_Task directions:_ You are asked to copy the entire listing exactly, apart from its pictures.

_Dataset excerpts:_
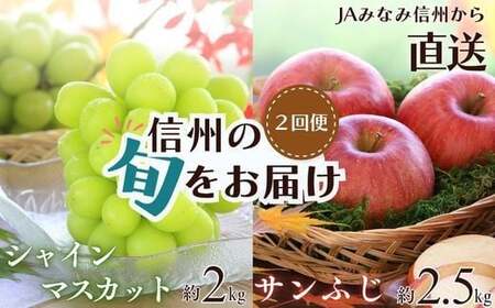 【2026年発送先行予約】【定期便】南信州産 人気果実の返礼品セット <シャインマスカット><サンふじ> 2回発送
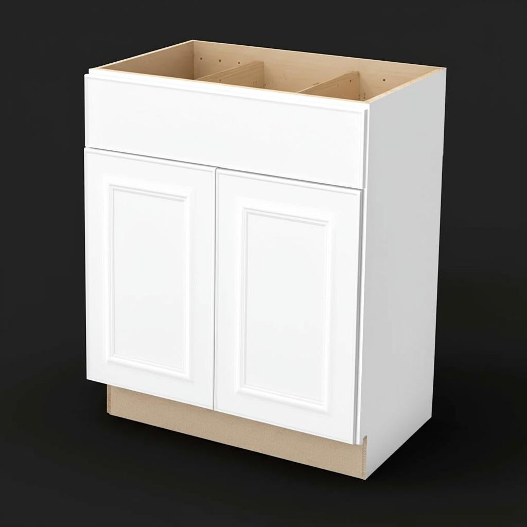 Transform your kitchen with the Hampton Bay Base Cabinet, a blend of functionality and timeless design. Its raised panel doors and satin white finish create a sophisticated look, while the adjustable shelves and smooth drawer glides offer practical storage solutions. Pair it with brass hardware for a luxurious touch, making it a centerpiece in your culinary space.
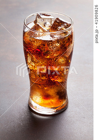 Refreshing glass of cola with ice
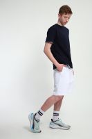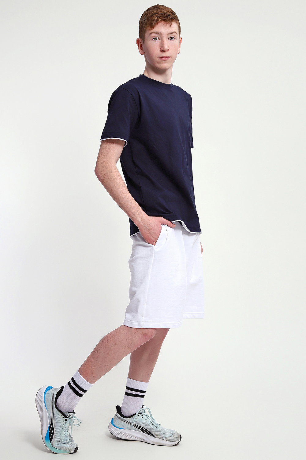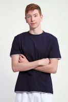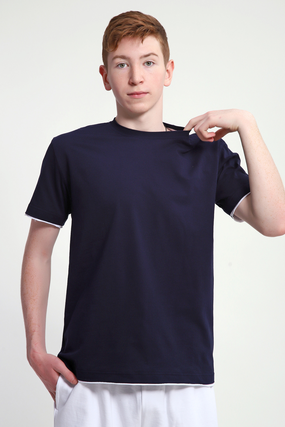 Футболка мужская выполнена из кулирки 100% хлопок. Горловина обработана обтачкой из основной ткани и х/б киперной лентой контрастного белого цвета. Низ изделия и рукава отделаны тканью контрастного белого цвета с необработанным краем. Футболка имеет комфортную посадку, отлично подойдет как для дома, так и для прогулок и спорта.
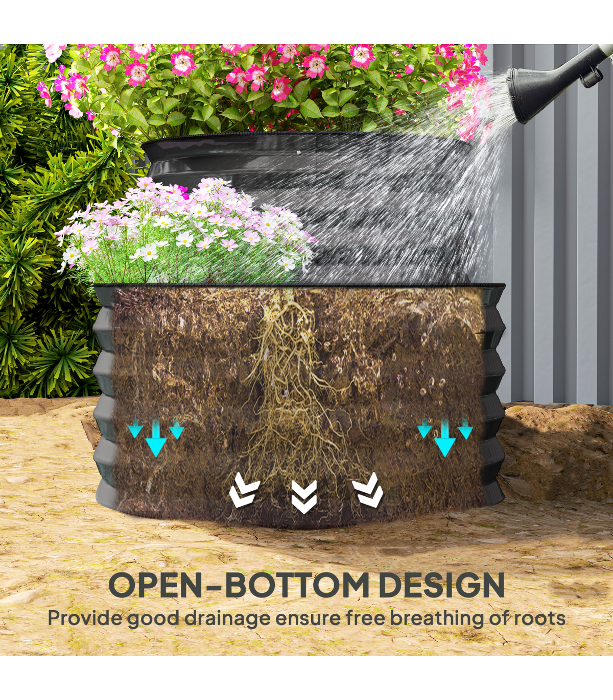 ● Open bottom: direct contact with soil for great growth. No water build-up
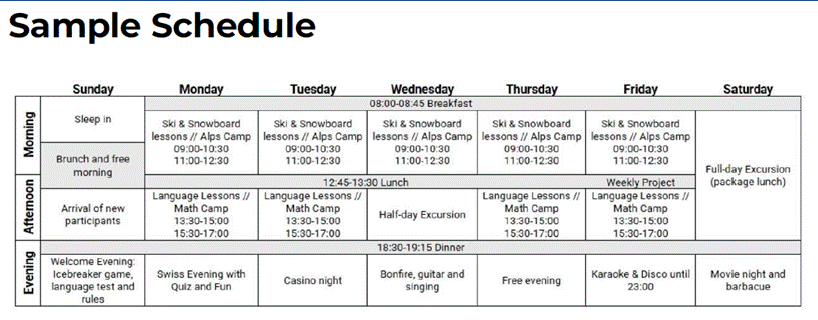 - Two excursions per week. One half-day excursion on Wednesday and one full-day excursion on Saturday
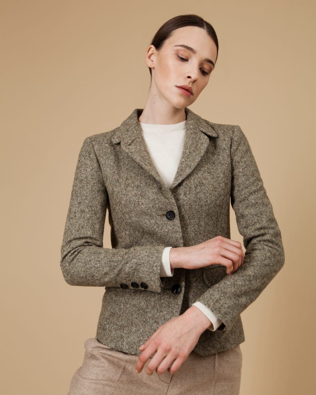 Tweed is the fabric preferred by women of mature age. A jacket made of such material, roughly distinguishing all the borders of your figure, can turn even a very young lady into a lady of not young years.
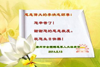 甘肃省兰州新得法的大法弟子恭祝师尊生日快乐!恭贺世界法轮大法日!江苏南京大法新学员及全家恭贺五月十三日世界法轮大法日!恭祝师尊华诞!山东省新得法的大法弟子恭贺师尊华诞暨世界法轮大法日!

_Written reply:_
 【2026年発送先行予約】【定期便】南信州産 人気果実の返礼品セット <シャインマスカット><サンふじ> 2回発送
 Transform your kitchen with the Hampton Bay Base Cabinet, a blend of functionality and timeless design. Its raised panel doors and satin white finish create a sophisticated look, while the adjustable shelves and smooth drawer glides offer practical storage solutions. Pair it with brass hardware for a luxurious touch, making it a centerpiece in your culinary space.
 Refreshing glass of cola with ice
 Футболка мужская выполнена из кулирки 100% хлопок. Горловина обработана обтачкой из основной ткани и х/б киперной лентой контрастного белого цвета. Низ изделия и рукава отделаны тканью контрастного белого цвета с необработанным краем. Футболка имеет комфортную посадку, отлично подойдет как для дома, так и для прогулок и спорта.
 ● Open bottom: direct contact with soil for great growth. No water build-up
 - Two excursions per week. One half-day excursion on Wednesday and one full-day excursion on Saturday
 Tweed is the fabric preferred by women of mature age. A jacket made of such material, roughly distinguishing all the borders of your figure, can turn even a very young lady into a lady of not young years.
 甘肃省兰州新得法的大法弟子恭祝师尊生日快乐!恭贺世界法轮大法日!江苏南京大法新学员及全家恭贺五月十三日世界法轮大法日!恭祝师尊华诞!山东省新得法的大法弟子恭贺师尊华诞暨世界法轮大法日!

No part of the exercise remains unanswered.